The chief dramatic situation in “The Road to Happiness” consists of a hero who, with hand on hip pocket, defies the assembled villains to advance as much as an inch at peril of their lives and who, having thus held them at bay, proceeds to pull out a handkerchief, flick his nostril and make his getaway. The chief comic situation in “Arizona,” produced many years ago, consisted of the same thing, save that a whiskey flask or plug of tobacco—I forget which—was used in place of a nose-doily. Thus, little boys and girls, has our serious drama advanced.
XXXVIII
Derivations
First-Nighter.—From Fürst (German for “prince”) and the English word nitre (KNO3: a chemical used in the manufacture of gunpowder); hence, a prince of gunpowder, or, in simpler terms, someone who makes a lot of noise.

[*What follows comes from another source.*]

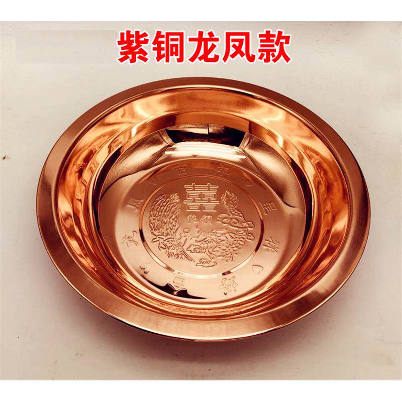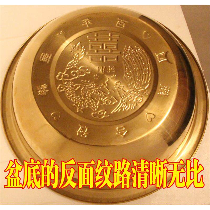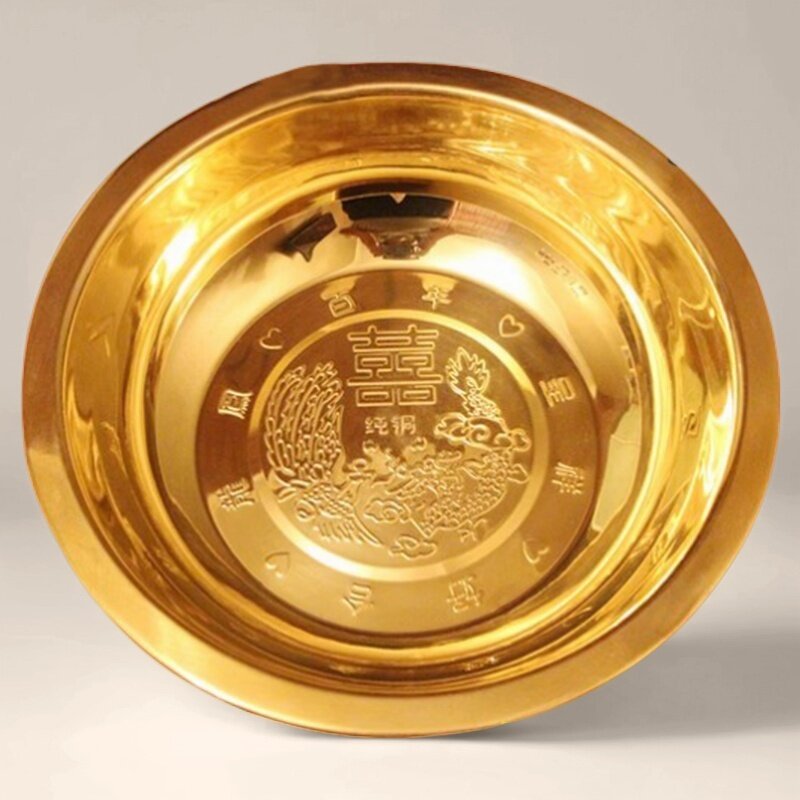 📚 纯黄铜脸盆黄铜盆双喜洗手金盆洗脸洗脚结婚用品婚嫁妆红喜盆聚宝

Manager.—From the Anglo-Saxon word “manger,” the “a” having been deleted in order that the word might be shortened, and so used more aptly for purposes of swearing. Manager thus comes from “manger,” something which provides fodder for the jackasses in the stalls.
XXXIX
Practically speaking, it is reasonable to believe that the public doesn’t want gloom in the theater not because it is gloom, not because of the gloom itself, but for the very good reason that gloom isn’t generally interesting. Let a playwright make gloom as interesting as happiness and the public will want it theatrically. But the gloom of the drama is, more often than not, uninteresting gloom. In illustration: Take two street-corner orators. Suppose both are talking, one a block away from the other, on precisely the same topic. It is a gloom topic. For instance, the question of the large number of starving unemployed. One of the orators hammers away at his audience with melancholy statistics and all the other depressing elements of his subject. The other, equally serious, makes his points, not alone as does the first orator with blue figures, but with light comparisons and saucy illustrations. Which is the more interesting? Which gets the larger crowd? Which convinces? Take a second and correlated illustration. Two weekly magazines print articles on, let us say, the work of organized charity in its attempt to relieve the community’s paupers. In itself, not particularly jocose reading matter. One of the two magazines, in its treatment of the story, has its general tone exampled by some such sentence as “Last month the charity organizations of New York supplied the poor of the city with 30,000 loaves of bread.” The other magazine, expressing the same thought and facts, has its sentence phrased thus: “Last month the charity organizations of New York supplied the poor of the city with 30,000 loaves of bread, an amount almost 8,000 in excess of all the bread eaten during the same space of time by Mr. Diamond Jim Brady in the ten leading Broadway restaurants.” Which magazine has the bigger circulation?
The conventional treatment of gloomy themes in the drama is like the ancient tale of the proud old coon who, driving a snail-paced and ramshackle horse and an even more ramshackle buggy down a Southern road used largely by automobilists, suddenly perceived a small boy hitching on behind. “Hey!” exclaimed the old brunette, “Yoh look out dar! Ef yoh ain’t careful yoh’ll be sucked under!” The mechanic of the gloomy dramatic theme, like the old dinge, too often takes his theme too pompously, too seriously. And is generally himself sucked under as a result. Clyde Fitch took a so-called gloomy theme in his play “The Climbers”—the play that started bang off with a funeral—but his play is still going with the public in the stock companies because he didn’t let the gloom of his story run away with the interest. The final curtain line in “The Shadow” is: “After all, real happiness is often to be found in tears.” Tears are often provocative of a greater so-called “up-lift” feeling than mere grins and laughter. Take a couple or more of illustrations of the most popular mob plays America has known, say, “Way Down East,” “Uncle Tom’s Cabin,” “The Old Homestead.” These, fundamentally, are what the mob calls “sad” plays. The yokelry would ever rather pay for the privilege of crying than laughing. What farce ever made as much money as “East Lynne”? The tears in “Cinderella” have made it the world’s most successful theatrical property.
XL
The difference ’twixt tragedy and comedy is the difference of a hair’s breadth. Tragedy ends with the hero’s death. Comedy, with the hero’s getting married.